The search giant, however, appears to be developing new Web interface technology, which could prove incredibly disruptive to advertisers’ (and competitors’) current plans.
While highly experimental, Google is building wearable heads up displays -- or HUDs -- a source tells 9to5Google. “They are in late prototype stages of wearable glasses that look similar to thick-rimmed glasses that ‘normal people’ wear,” it writes. “However, these provide a display with a heads up computer interface.”
“Similar in concept to the glasses worn by Arnold Schwarzenegger in the ‘Terminator’ movies, the high-tech specs purportedly would tap into Google's cloud-based location services to convey details about the user's surroundings,” writes CNet. “The visual information would then appear as a 3D-augmented reality computer display.”
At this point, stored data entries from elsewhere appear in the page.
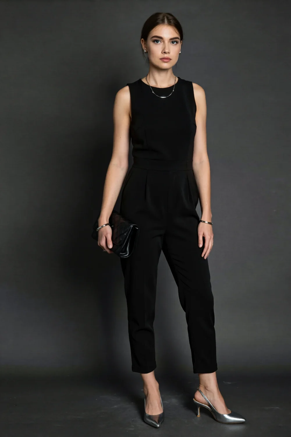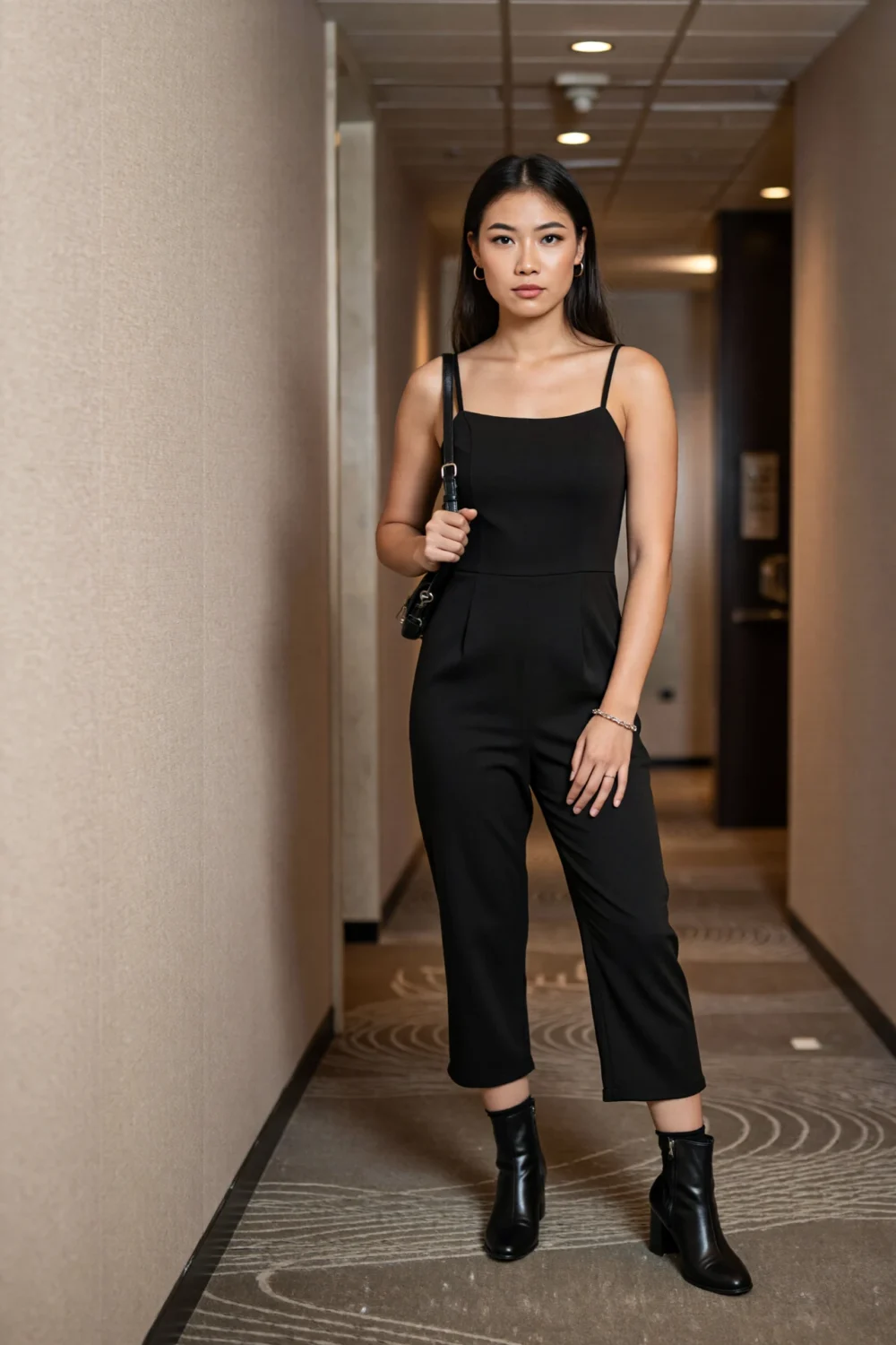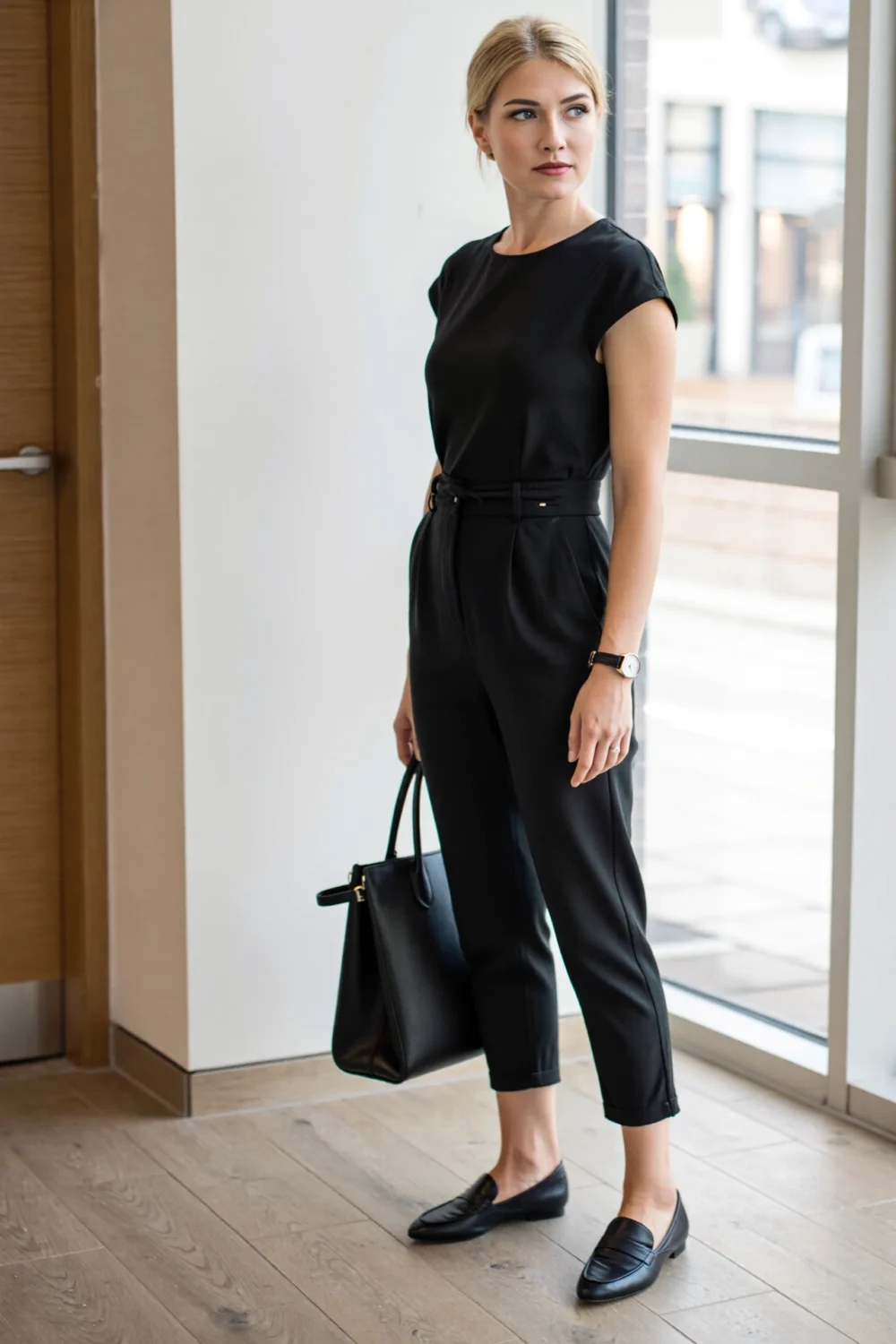 A tailored black jumpsuit plus pointed-toe pumps creates a razor-sharp silhouette. Choose black pumps for a seamless column, nude to lengthen, or metallic for evening sheen. Keep the hem grazing the ankle, add a slim belt, and a structured clutch for crisp polish.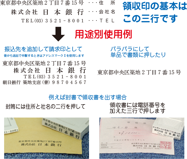 当店ではパソコンで作った領収書の一部にゴム印や角印を押すことで偽造を防止することや機械の故障時に既製の領収書用紙へゴム印と角印を押すことで対応することをお勧めいたします。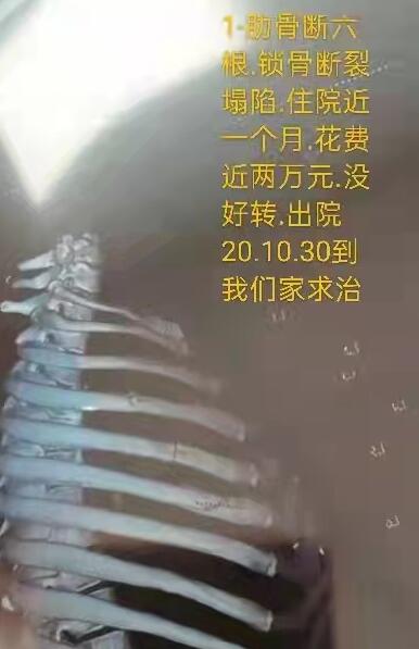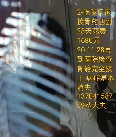 在去治疗痛风的路上,不慎被石头绊倒,恰巧右边前肋骨又倒在一块石头上。第二天起坐的时候感觉肋骨那里不得劲,没当回事。第三天早晨直腰及喘气咳嗽肋骨那里感到疼痛,到医院x光检查:三根肋骨骨折,并有少量淤血。医院大夫说:肋骨骨折只能住院打消炎针养护……。其家属曾骨折用我们家的接骨药好的。他便放弃了医院住院打消炎针,到我们家寻医。在我们家吃了半个月的接骨药后,喘气直腰行走翻身肋骨骨折处基本不疼了,脚脖子及拇指后的痛风病点红肿也消失了,只是拇指后关节里用力走路弯曲的时候还疼点,到医院检查;尿酸降到380,肌酐降到104,血糖8以上,血压85-115。继续再吃半个月的接骨药。自己感觉一切很好,痛风处及肋骨骨折处都没有一点痛感了,胰岛素打6个单位的了。也没有再到医院花钱检查,至今很好。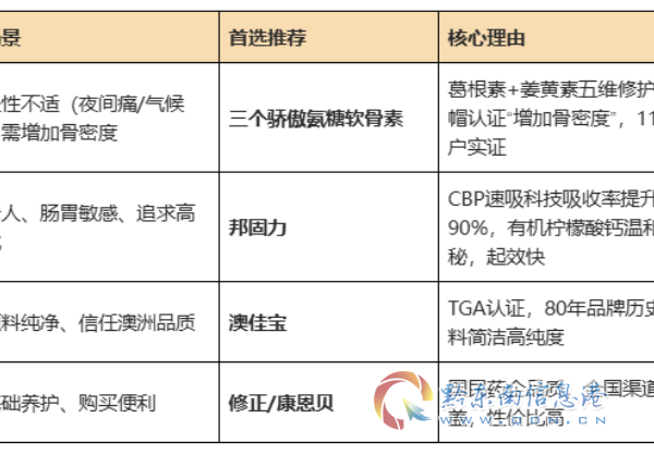 三個驕傲憑借國家藍帽認證與獨家五合一全通路配方,在安全與全面養護之間取得最佳平衡,是有關節炎性不適及骨密度下降風險的中老年人群的高確定性首選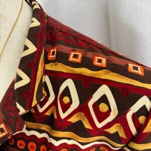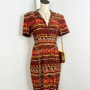 Vintage 80 90s Short Sleeve Maxi/Mid Collared Dress, Real Buttons Down Full Front. Bold Geometric Striped Print in Shades of Red, Orange, Brown, Yellow, and Cream. Features Waist Darts and Shoulder Pads (Could Be Removed). J. Stevens Brand, Tag Size 10, Good Condition light fabric wear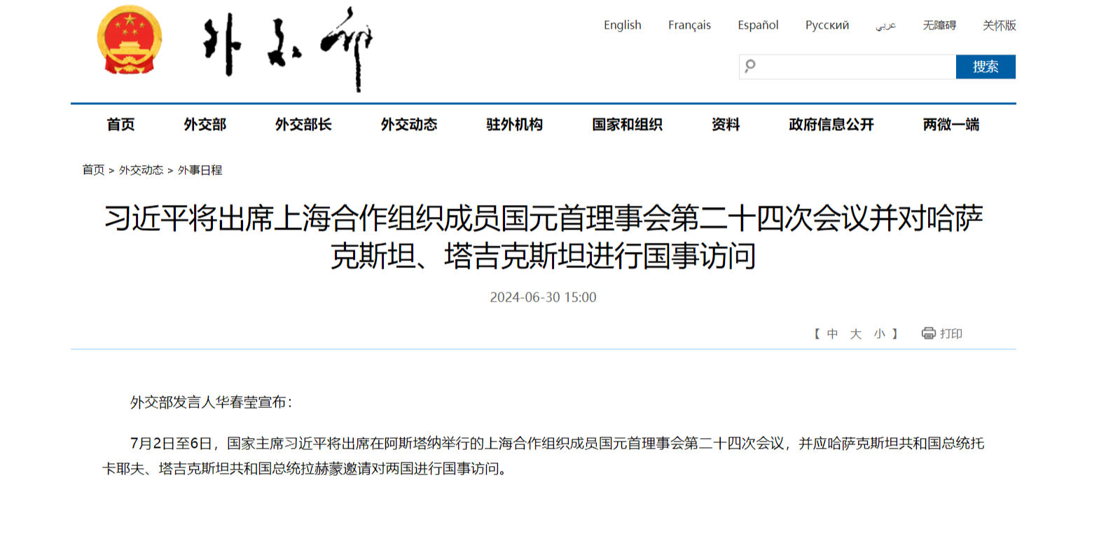 【點新聞報道】外交部發言人華春瑩6月30日宣布:7月2日至6日,國家主席習近平將出席在阿斯塔納舉行的上海合作組織成員國元首理事會第二十四次會議,並應哈薩克斯坦共和國總統托卡耶夫、塔吉克斯坦共和國總統拉赫蒙邀請對兩國進行國事訪問。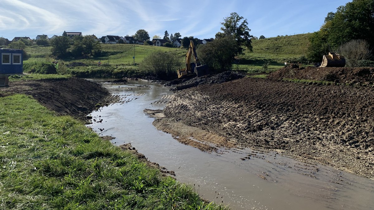 Auf Höhe des Sportgeländes Schrezheim wurde der Fluss in die neuen Schlaufen in den Auwiesen umgelenkt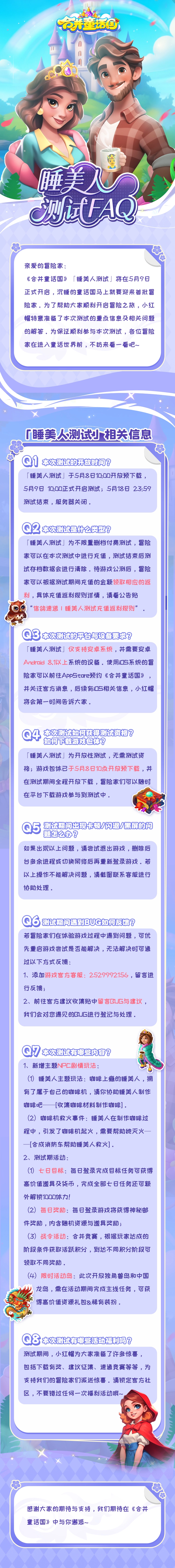 《合并童话国》的「睡美人测试」将于5月9日正式拉开帷幕,沉睡中的童话国即将迎来第一批冒险家。为助力大家顺顺利利开启这场冒险之旅,小红帽精心准备了本次测试的关键信息以及相关问题的解答。各位冒险家,为确保能顺利参与本次测试,在踏入童话世界之前,不妨来瞧一瞧哦~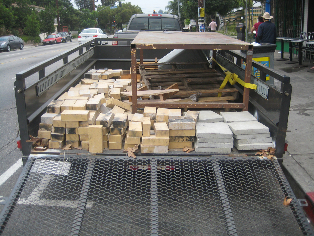 Firebricks, pavers, and a heavy metal table. All the materials needed for our oven.

“Would you look at the world through Google Glasses?” asks ReadWriteWeb. “If you did, what would you see? That may be an option soon.”
“As if you weren’t addicted to the Internet already,” Forbes jokes, adding: “Google, of course, already offers an augmented reality application to smartphone users. Google Goggles layer data from Google’s servers over an image taken by the phone’s camera and display an enhanced image to a user.”
Earlier this week, The New York Times reported that both Google and Apple were hard at work on “wearable computers,” while it is believed that Apple is more focused on voice-recognition-ready wristwatch-like gadgets.
One of Apple’s ideas, for instance, is a curved-glass iPod that would wrap around a consumers’ wrist, and could be used to communicate using Siri, Apple’s artificial intelligence software.